• Given information
---------------
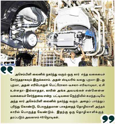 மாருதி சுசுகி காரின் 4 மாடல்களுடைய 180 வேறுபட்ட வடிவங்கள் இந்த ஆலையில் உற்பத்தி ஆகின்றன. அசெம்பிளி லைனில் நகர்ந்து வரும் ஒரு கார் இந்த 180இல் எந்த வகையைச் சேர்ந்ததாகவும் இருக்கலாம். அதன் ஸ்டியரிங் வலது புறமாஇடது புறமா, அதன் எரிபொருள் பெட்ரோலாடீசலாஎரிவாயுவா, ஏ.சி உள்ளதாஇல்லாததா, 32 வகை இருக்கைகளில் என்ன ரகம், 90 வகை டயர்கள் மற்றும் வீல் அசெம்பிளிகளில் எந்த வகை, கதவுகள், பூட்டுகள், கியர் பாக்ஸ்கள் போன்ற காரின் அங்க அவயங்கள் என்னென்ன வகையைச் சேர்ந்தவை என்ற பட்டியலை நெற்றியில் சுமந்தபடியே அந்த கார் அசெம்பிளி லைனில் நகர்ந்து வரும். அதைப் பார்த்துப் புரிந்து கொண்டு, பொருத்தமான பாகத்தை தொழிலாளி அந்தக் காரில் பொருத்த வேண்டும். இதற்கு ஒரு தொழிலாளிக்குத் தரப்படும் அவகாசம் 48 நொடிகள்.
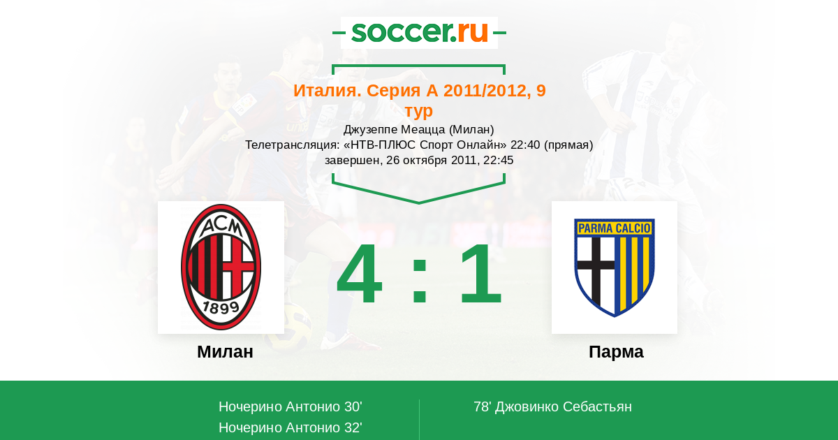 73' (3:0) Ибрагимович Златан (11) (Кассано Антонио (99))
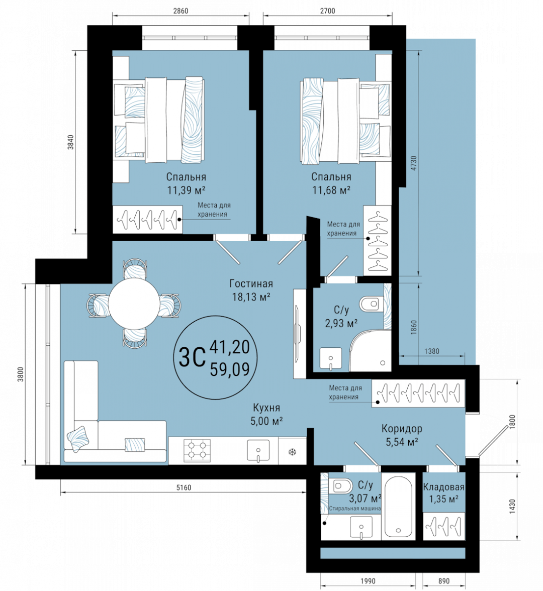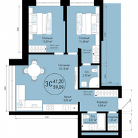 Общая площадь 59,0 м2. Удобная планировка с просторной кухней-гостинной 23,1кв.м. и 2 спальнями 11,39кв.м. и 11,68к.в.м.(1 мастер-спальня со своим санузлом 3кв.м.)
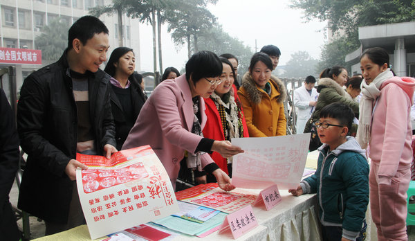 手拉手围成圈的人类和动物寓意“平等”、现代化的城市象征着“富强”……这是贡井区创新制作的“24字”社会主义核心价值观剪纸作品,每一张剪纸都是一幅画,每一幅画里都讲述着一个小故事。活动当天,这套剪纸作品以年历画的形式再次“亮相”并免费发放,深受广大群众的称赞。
---------------
• Work order
Starting at the line that contains "Общая площадь 59,0" and ending with the last line of the data, transcribe every line exactly; skip the pictures.

• Task response
 Общая площадь 59,0 м2. Удобная планировка с просторной кухней-гостинной 23,1кв.м. и 2 спальнями 11,39кв.м. и 11,68к.в.м.(1 мастер-спальня со своим санузлом 3кв.м.)
 手拉手围成圈的人类和动物寓意“平等”、现代化的城市象征着“富强”……这是贡井区创新制作的“24字”社会主义核心价值观剪纸作品,每一张剪纸都是一幅画,每一幅画里都讲述着一个小故事。活动当天,这套剪纸作品以年历画的形式再次“亮相”并免费发放,深受广大群众的称赞。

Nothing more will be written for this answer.